I take some trouble to avoid major plot spoilers in my reviews, but in this one I’m having to avoid giving away the premise, which is tricky. It’s the year 1468 and a priest named Christopher Fairfax travels on horseback from Exeter Cathedral to a remote Exmoor village. The parish priest there, Father Lacey, has just died and he is to oversee the arrangements.
Fairfax becomes intrigued by the manner of Lacey’s death — and by the lady of the manor, the widowed Lady Durston. He learns that Lacey had a fascination for excavating relics of the past, and for reading heretical texts. He becomes drawn into the mystery of how and why Lacey died. He knows this could place him at odds with the teachings of the church, but still he begins to conspire with Lady Durston and others who he believes are sympathetic.

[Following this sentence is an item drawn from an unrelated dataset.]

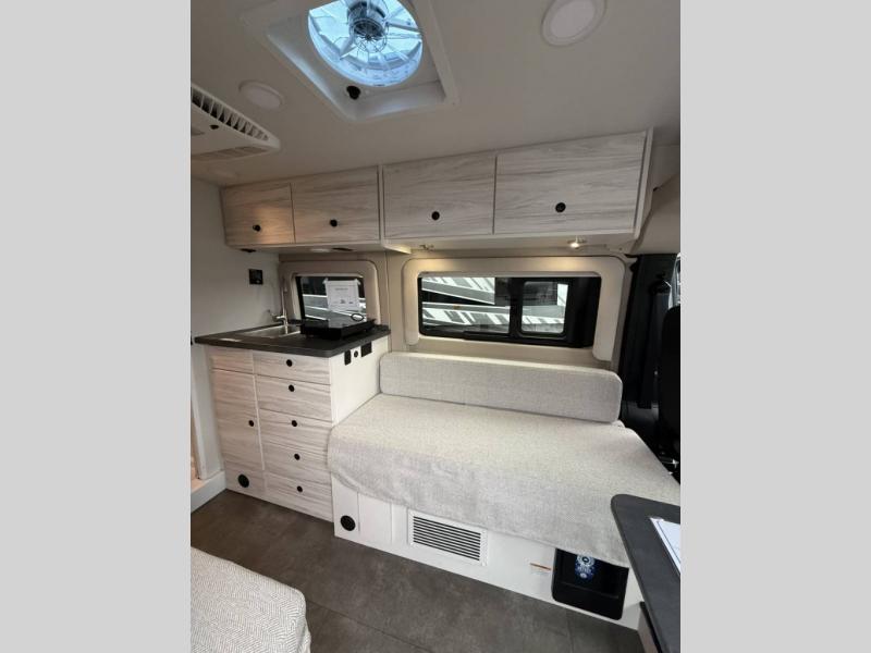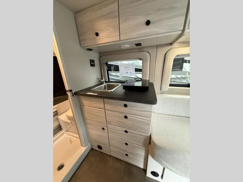 Enjoy every trip you take in this small, but mighty camper van! You will enjoy the drive just as much as the destination with a 10.1" Uconnect 5 NAV infotainment center and a ParkView rear backup camera. There is a 54" sofa to relax on once you park, and at night you can convert the sofa to a 54" x 72" bed. And the 27" bench seat is close by the entrance to provide a place to pull on your hiking boots. After you've worked up an appetite outdoors, you can prepare lunch on the portable induction cooktop, clean up with the stainless steel sink, and store leftovers in the 3 cu. ft. refrigerator/freezer. This model also includes a rear wet bath so you can freshen up before bed, and the bath wardrobe will let you keep your clothes and towels tidy!

However, all is not quite as it seems in this village. There are odd anomalies. At first you wonder if the copy editor briefly dozed off, but then you understand what Harris is doing.
Harris has form for playing with our assumptions, from the counterfactual Fatherland, which imagines a post-war UK where Hitler won the war, to this much misunderstood satirical tweet
Typical remoaning. Did we need Honda component parts at Agincourt or Crecy? https://t.co/d7prkH7OfE
— Robert Harris (@Robert___Harris) November 14, 2017
There are some thought-provoking ideas in The Second Sleep. For me, though, the story doesn’t have the thrills or the pace you normally expect from Harris. Perhaps this is because of the setting. There is a nice twist in the end but you have to travel at the pace of a horse to get there.
I received a copy of The Second Sleep from the publisher via Netgalley.